A questão da nomenclatura do cargo é, também, bastante relevante. Etimologicamente, a palavra inspetor quer dizer aquele que vê, observa e fiscaliza e vem do latim inspector, significando aquele que olha em, mergulha os olhos em, examina ou passa revista. Daí a importância da visita ao local de trabalho, onde o inspetor pode, por meio dos seus sentidos, verificar se a norma está sendo cumprida, isto é, se o contrato de trabalho corresponde com a realidade das condições do meio ambiente de trabalho em toda sua magnitude. A Lei nº 6.986, de 13 de abril de 1982, alterou a denominação dos cargos no Brasil de inspetores do trabalho para fiscais do trabalho. Dessa forma, distanciava-se, o legislador brasileiro, da denominação original adotada pela OIT. Um dos motivos seria a conotação extremamente policial da denominação inspetor, especialmente em uma época marcada pelo mau uso da polícia, estendendo-se ao próprio inspetor a imagem existente então à época. Outro motivo seria a intenção do governo em atrelar o agente público da Inspeção do Trabalho a uma função prioritariamente arrecadadora. No mais, a origem etimológica da palavra fisco está intimamente ligada a idéia de um conjunto de órgãos responsáveis apenas pela arrecadação ou a fiscalização de tributos, advinda do latim fiscus que era um cesto de junco ou vime para espremer uvas ou azeitonas, utilizado em sentido figurado como cesto para guardar ou arrecadar dinheiro público destinado à sustentação do chefe de Estado, reforçando, assim, a idéia de redução das funções da Inspeção do Trabalho, no Brasil, para apenas diminuir o déficit do erário público.

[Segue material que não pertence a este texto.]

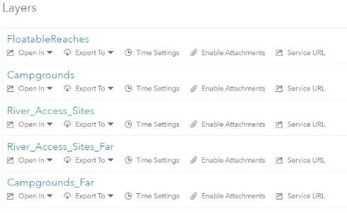 The three feature classes are: floatable reaches, access points and campsites. Floatable reaches are recreational river segment polylines that are referenced from the National Hydrography Dataset. Access points and campsites are point data showing locations where river segments can be accessed by boat, and where waterside camping exists.
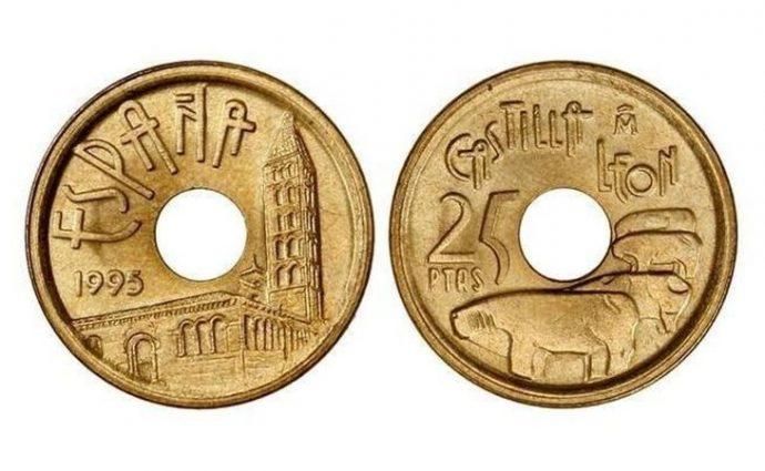 25 Pesetas de 1995. Los cinco duros con el agujero pueden valer hasta 100 euros.

Mais recentemente, outra mudança ocorre na nomenclatura do cargo de inspetor do trabalho através da Medida Provisória nº 1.915, de 29 de junho de 1999. Este instrumento normativo reestruturou a carreira da auditoria-fiscal do tesouro nacional e organizou as carreiras da auditoria-fiscal da previdência social e da fiscalização do trabalho. No tocante a esta última, ocorreu a unificação das carreiras de fiscal do trabalho, médico do trabalho, engenheiro e assistente social em uma única carreira de fiscalização do trabalho. Outro fato que se destaca dessa medida provisória é a instituição da Gratificação de Desempenho de Atividade Tributária, GDAT, como parcela dos vencimentos comum àquelas três carreiras, mais uma vez reforçando o caráter tributário dado à Inspeção do Trabalho no Brasil. Toma corpo, assim, a atual nomenclatura da Inspeção do Trabalho no Brasil, reunindo, em uma só carreira de auditores-fiscais do trabalho os antigos fiscais, médicos, engenheiros e assistentes sociais. Dessa forma, o legislador brasileiro parece ter adotado, em definitivo, o sistema pluridisciplinar de Inspeção do Trabalho.
A Lei nº 10.593, de 06 de dezembro de 2002, consolida a característica fiscal arrecadadora da Inspeção do Trabalho . Importante ressaltar como um grande avanço que reflete a evolução da instituição a ampliação da competência da Inspeção do Trabalho para além das tradicionais relações de emprego tuteladas pela CLT. Assim, o art. 11 da citada Lei nº 10.593/2002, em seu inciso I, ao estender a competência da Inspeção do Trabalho para assegurar o cumprimento das disposições legais e regulamentares no âmbito das relações de trabalho e de emprego dá um passo decisivo na consolidação da autoridade administrativa como instituição de tutela de todo trabalhador, seja ele empregado ou não. Inclui, assim, sob o manto tutelar do Estado, os autônomos, as cooperativas de trabalho e de mão de obra, os trabalhadores em economias familiares, os servidores públicos estatutários, os parceiros agrícolas, os pequenos agricultores, e outras figuras de trabalhadores não incluídos na clássica acepção da relação empregatícia. Os principais fundamentos para a extensão da tutela são a segurança e a saúde do trabalhador, principalmente ao considerarmos o direito a um meio ambiente de trabalho saudável e seguro como uma questão de direitos fundamentais de todo e qualquer trabalhador, independentemente da forma contratual e do regime adotados. A legislação brasileira harmoniza-se, assim, com a Convenção nº 150, de 7 de junho de 1978, da OIT, ainda que não ratificada pelo Brasil.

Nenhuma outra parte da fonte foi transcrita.